Although the records contain pictures, none belong in the copy: restate word for word only the lines from the one with "(总)(买家秀爆款花型长期款" through the one with "Wide, white sandy", both included.

__Information shown__.
>>>>

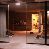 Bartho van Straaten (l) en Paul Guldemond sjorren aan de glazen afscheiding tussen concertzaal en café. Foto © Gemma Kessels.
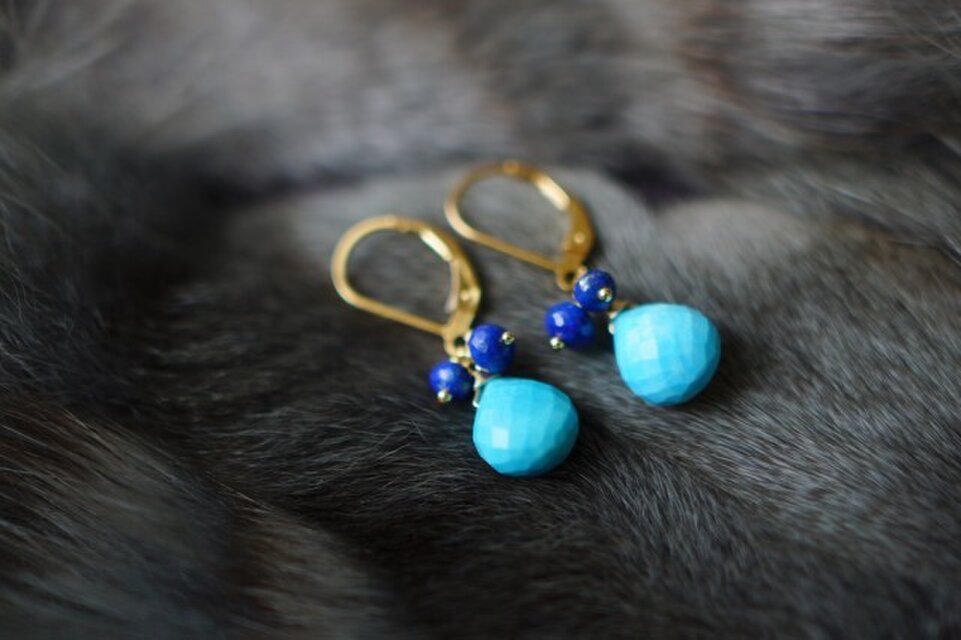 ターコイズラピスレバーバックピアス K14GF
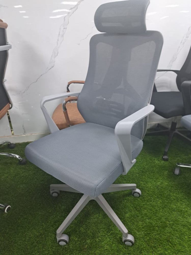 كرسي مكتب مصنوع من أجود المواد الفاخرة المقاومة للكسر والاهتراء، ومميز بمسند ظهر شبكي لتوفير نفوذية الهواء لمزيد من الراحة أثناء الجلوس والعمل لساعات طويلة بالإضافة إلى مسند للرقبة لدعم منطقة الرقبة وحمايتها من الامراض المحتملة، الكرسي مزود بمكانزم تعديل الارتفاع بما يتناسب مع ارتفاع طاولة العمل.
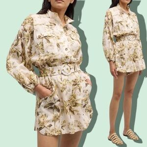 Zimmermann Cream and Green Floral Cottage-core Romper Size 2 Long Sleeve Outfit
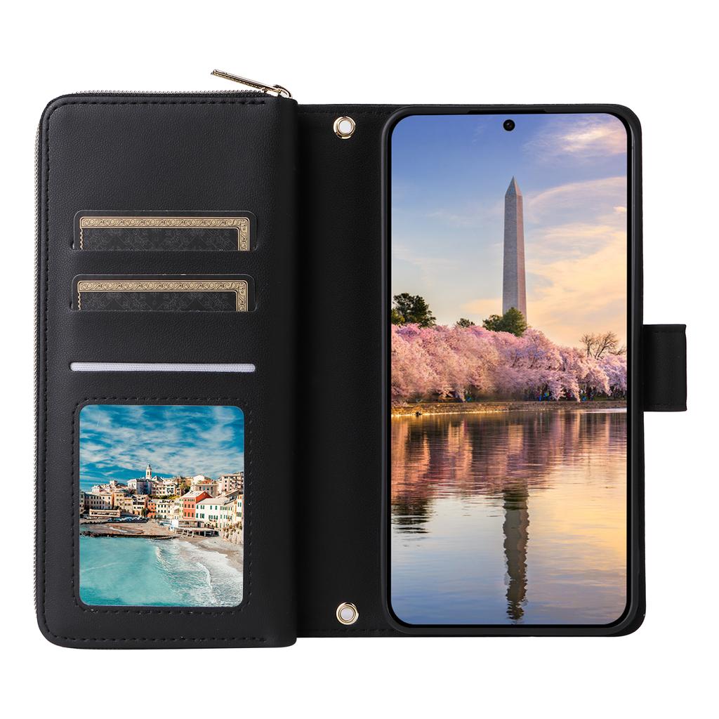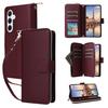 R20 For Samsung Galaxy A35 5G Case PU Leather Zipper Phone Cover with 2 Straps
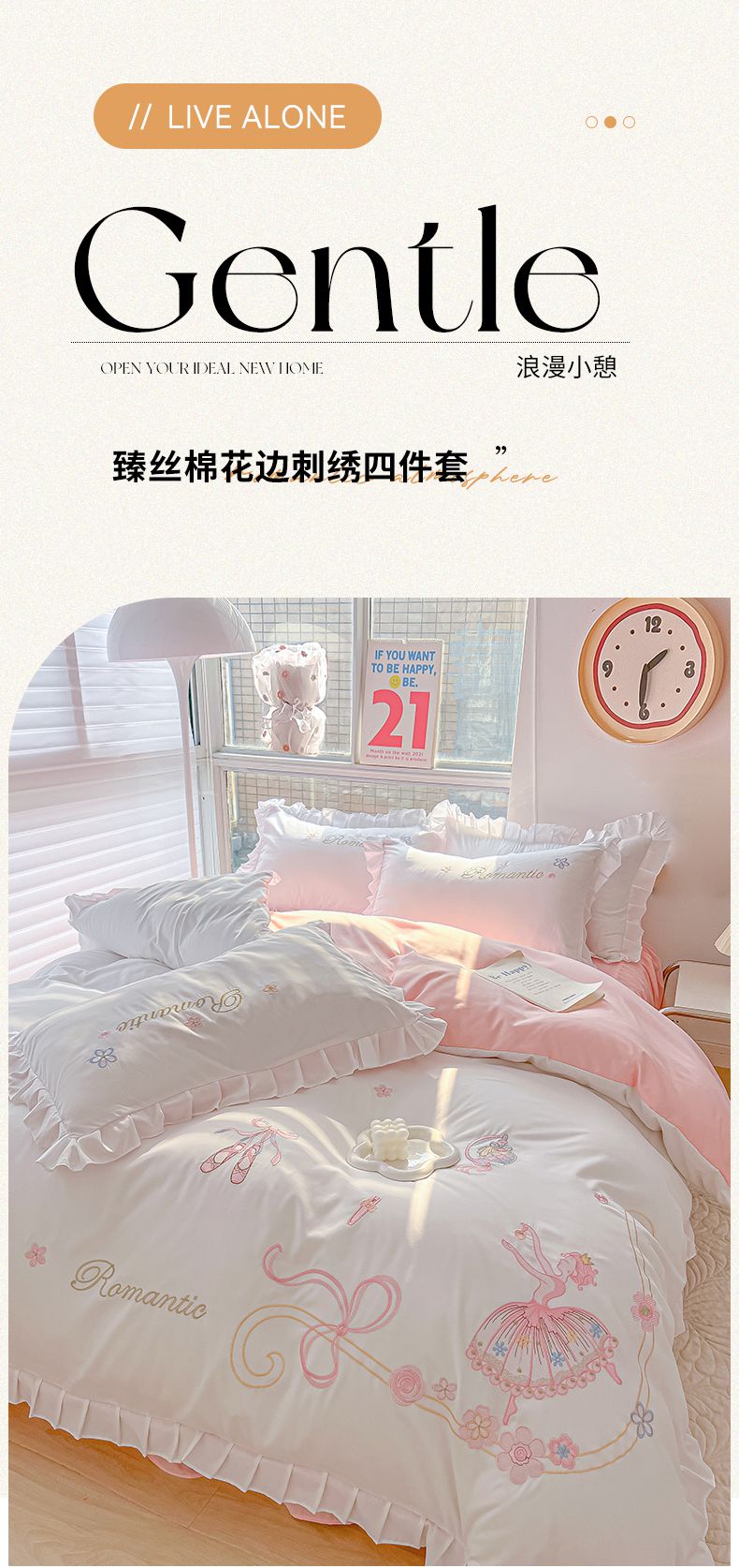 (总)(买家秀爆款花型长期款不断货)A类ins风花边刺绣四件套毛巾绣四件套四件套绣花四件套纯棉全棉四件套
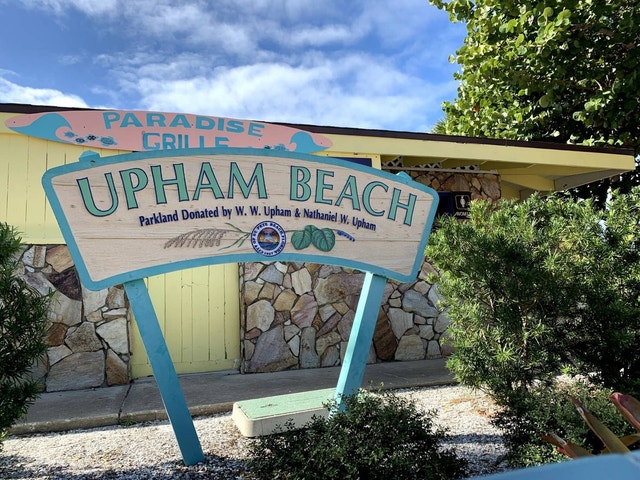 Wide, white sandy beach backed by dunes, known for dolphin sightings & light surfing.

<<<<
>>>>

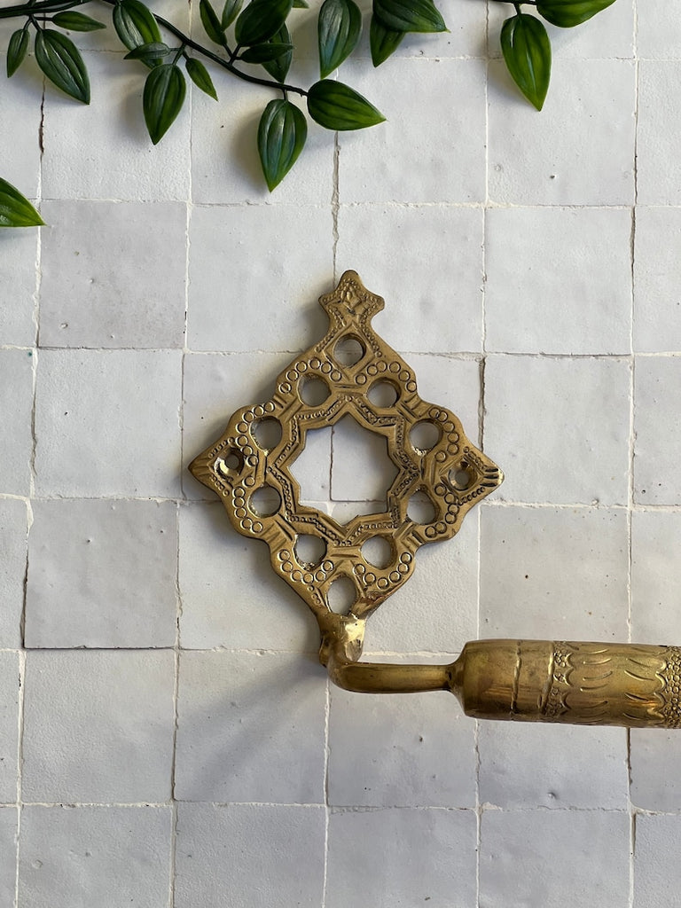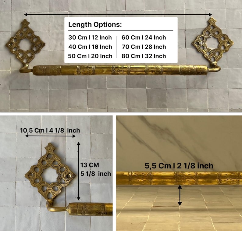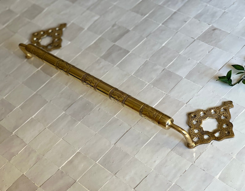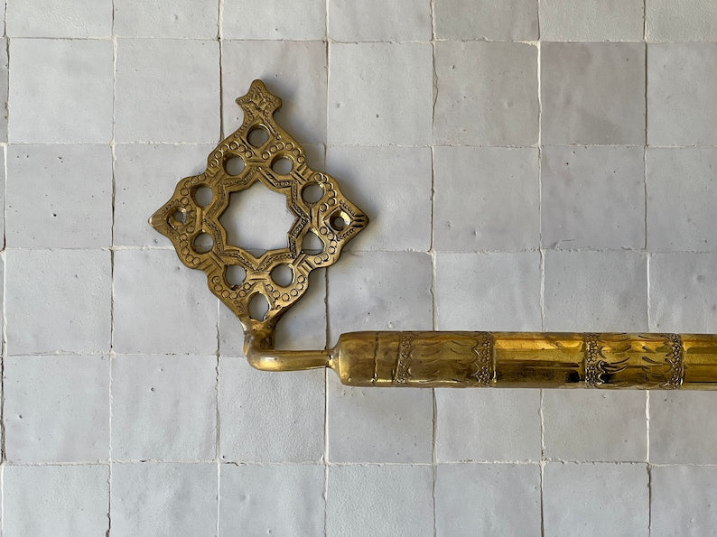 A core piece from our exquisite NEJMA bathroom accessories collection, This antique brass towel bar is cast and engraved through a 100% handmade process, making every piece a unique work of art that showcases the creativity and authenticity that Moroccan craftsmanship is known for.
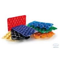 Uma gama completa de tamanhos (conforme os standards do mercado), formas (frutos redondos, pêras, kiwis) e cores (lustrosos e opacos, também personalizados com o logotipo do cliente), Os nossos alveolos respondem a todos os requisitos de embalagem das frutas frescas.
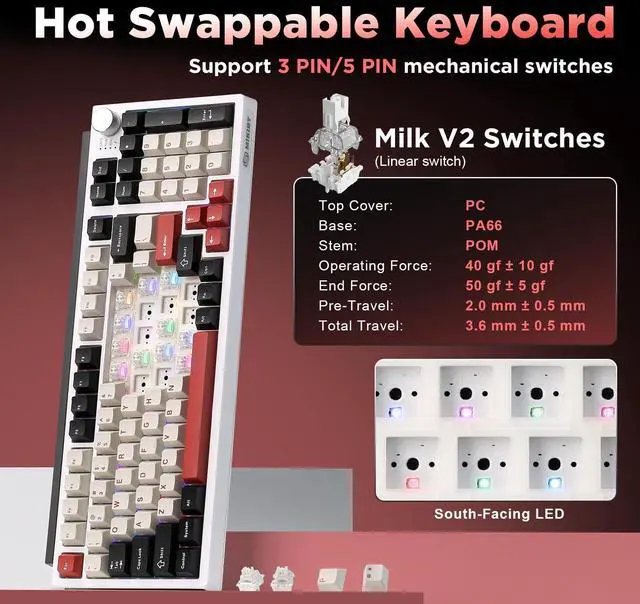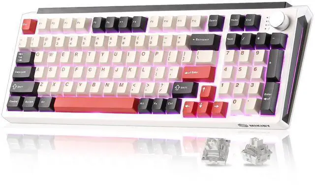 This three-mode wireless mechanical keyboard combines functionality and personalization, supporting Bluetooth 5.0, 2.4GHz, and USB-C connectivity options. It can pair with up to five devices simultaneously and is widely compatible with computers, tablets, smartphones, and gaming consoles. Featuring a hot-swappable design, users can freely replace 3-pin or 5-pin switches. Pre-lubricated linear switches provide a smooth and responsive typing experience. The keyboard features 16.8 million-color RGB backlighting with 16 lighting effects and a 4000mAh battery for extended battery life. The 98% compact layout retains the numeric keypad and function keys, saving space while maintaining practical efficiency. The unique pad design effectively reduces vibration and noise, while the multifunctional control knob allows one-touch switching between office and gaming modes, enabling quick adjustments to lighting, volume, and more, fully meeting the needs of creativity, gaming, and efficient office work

<<<<

__Answer section__.
 (总)(买家秀爆款花型长期款不断货)A类ins风花边刺绣四件套毛巾绣四件套四件套绣花四件套纯棉全棉四件套
 Wide, white sandy beach backed by dunes, known for dolphin sightings & light surfing.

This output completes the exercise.